I'm leaning towards this at the moment.

> > But shouldn't we just avoid old-style enums completely?
>
> Why? Both types still have uses in modern C++. Old doesn't mean bad.
>
> N.B. since C++11 you can use the enumeration type's name as a
> qualification even for unscoped (i.e. old-style, non-class) enums:
>
> enum E { Foo, Bar, Baz };
>
> auto e = E::Foo;
>
> So you can use the new syntax even with old-style enums. The problem
> is that you're not *required* to do that, you can still just say Foo,
> so the names still leak into the surrounding scope.

OK. I wouldn't like that.

>  With a scoped
> (i.e. new-style, class) enum the qualification is required.
>
>
> > 2. Use constexpr int constants inside a class:
> >
> > class ResponseType {
> > public:
> >   constexpr int NONE = -1;
> >   constexpr int
> > REJECT = -2;
> >   constexpr int ACCEPT = -3;
> >   ...
> > };
> >
> > But shouldn't we use some kind of enum to group the values
> > together?
>
> Is their type actually important?

Not really. These are generally just ints.

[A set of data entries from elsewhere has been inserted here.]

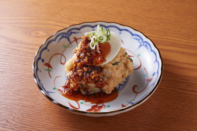 まずはポテサラが到着。ゆで卵が乗ってインパクトがあるとともに、食べるラー油がかかっておりパンチの効いたおいしさがビールに合う。
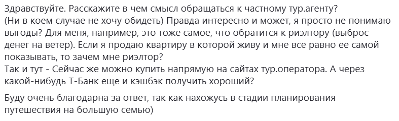 Я тогда не была турагентом, помогала просто по-дружески и как частное лицо на сайте агрегатора.
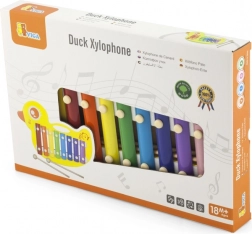 Denne søde børnexylofon i andeform imponerer med livlige farver og et ergonomisk design med håndtag, så den er nem at bære. De farvede metalplader skaber klare toner, der motiverer børn til at udforske rytme og deres første melodier.
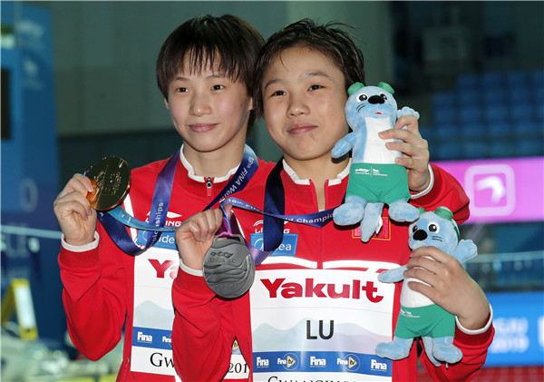 图说:2019年,在韩国光州举行的世锦赛上,陈芋汐(左)与队友卢为包揽冠亚军 网络图
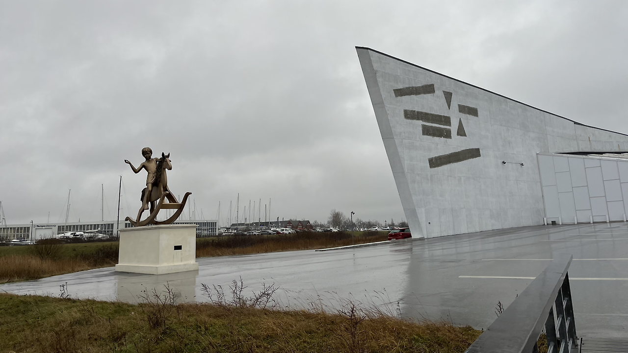 이 미술관은 1996년에 지어진 현대 미술관이다. 건축적인 면에서 굉장히 관심을 끌었을 거 같다. 바닷가의 인공 해변 옆에 지어졌는데, 마치 난파선과 같은 콘셉트로 건물이 놓여 있다. 젊은 건축과 학생이었던 Sơren Robert Lund는 거대한 해변가의 배를 닮은 디자인으로 건축 공모전에서 우승을 해서 업계를 놀라게 했다. ARKEN은 덴마크어로 ‘방주‘라는 의미라고 한다. 바이킹의 나라라고도 불리는 덴마크의 이미지를 담은 해양 건축을 보여주려는 콘셉트로 크고 무거운 철문을 사용하고 노출된 볼트와 금속들, 철제 계단등을 설치하여 미술관의 인테리어에서도 선박 내부의 느낌이 든다. 이런 차별화되고 대담한 디자인은 대규모의 현대미술과 아주 잘 어울린다. 주변의 바닷가는 매립지로 모래로 둘러싸여 있다. 계절이 좋다면 바닷가 쪽으로 산책하며 조각과 자연풍광을 느끼면 좋을 거 같지만, 일단 규모가 너무 크고 날씨도 안 따라줘서 나는 미술관의 카페에서 비 내리는 밖의 풍광을 감상했고 그것으로도 충분했다. 2층의 카페에 앉아서 모래밭과 마른풀들, 먹구름, 그리고 비바람을 보고 있자니 참 멋지다. Arken Museum of Modern Art는 400개가 넘는 덴마크, 스칸디나비아 전후 예술 작품들을 소장하고 있다.
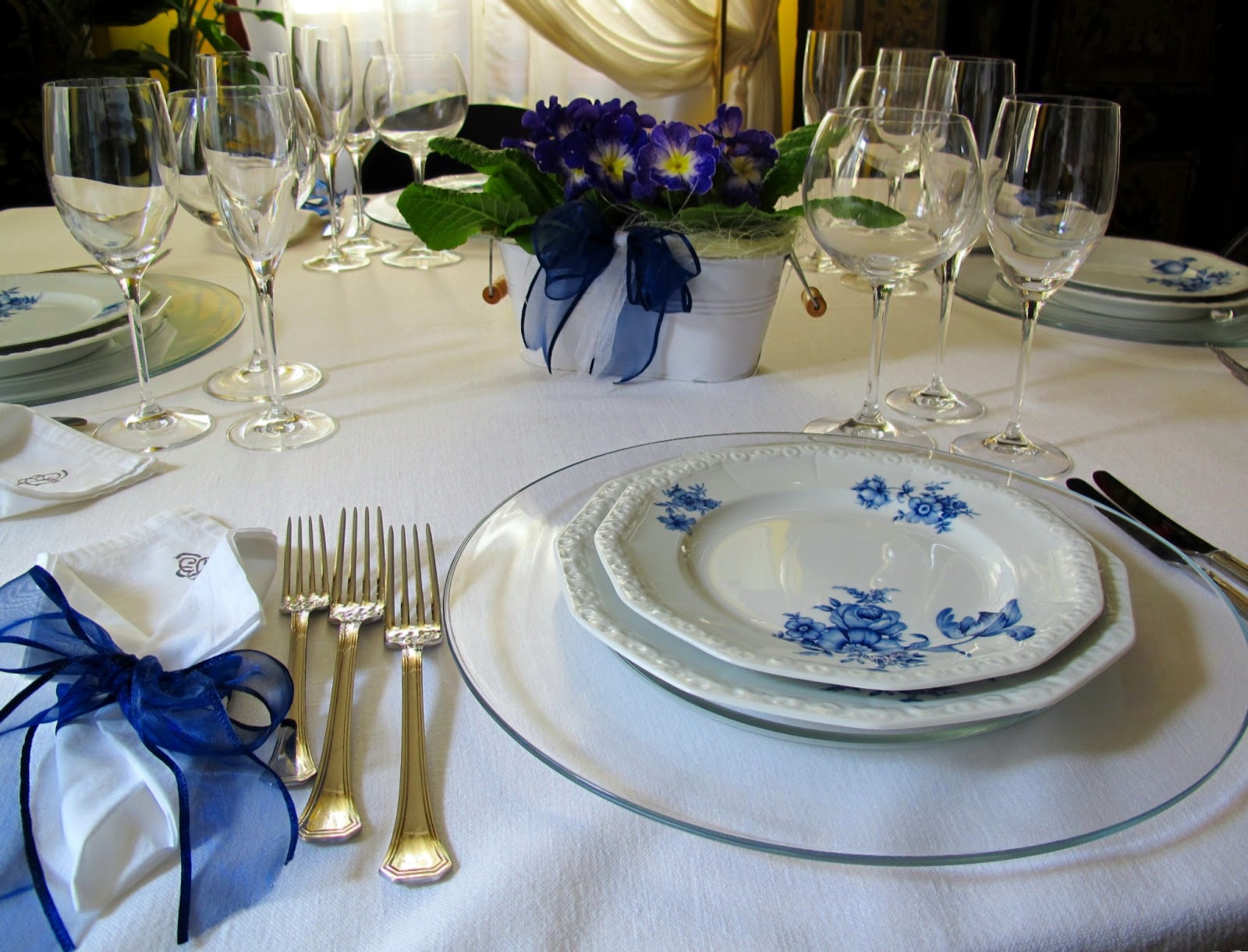 Ho pensato di metterli in tavola, solo blu, mi andava il monocolore e mi andava di rispolverare un vecchio servizio di piatti Rosenthal che ho usato pochissime volte.

>  i.e. are these different values of
> the same logical type? If yes, then using an enumeration makes sense.
> Otherwise just using an enumeration type to create an arbitrary group
> doesn't add any benefit.
>
> The example above looks like these are different values for the same
> "thing" so giving them the same type makes sense to me. It allows
> overloading on that type, for example.
>
> Aside: IMHO the shouty ALL_CAPS naming is not good style in C++, see
> https://accu.org/index.php/articles/1923 for my reasoning.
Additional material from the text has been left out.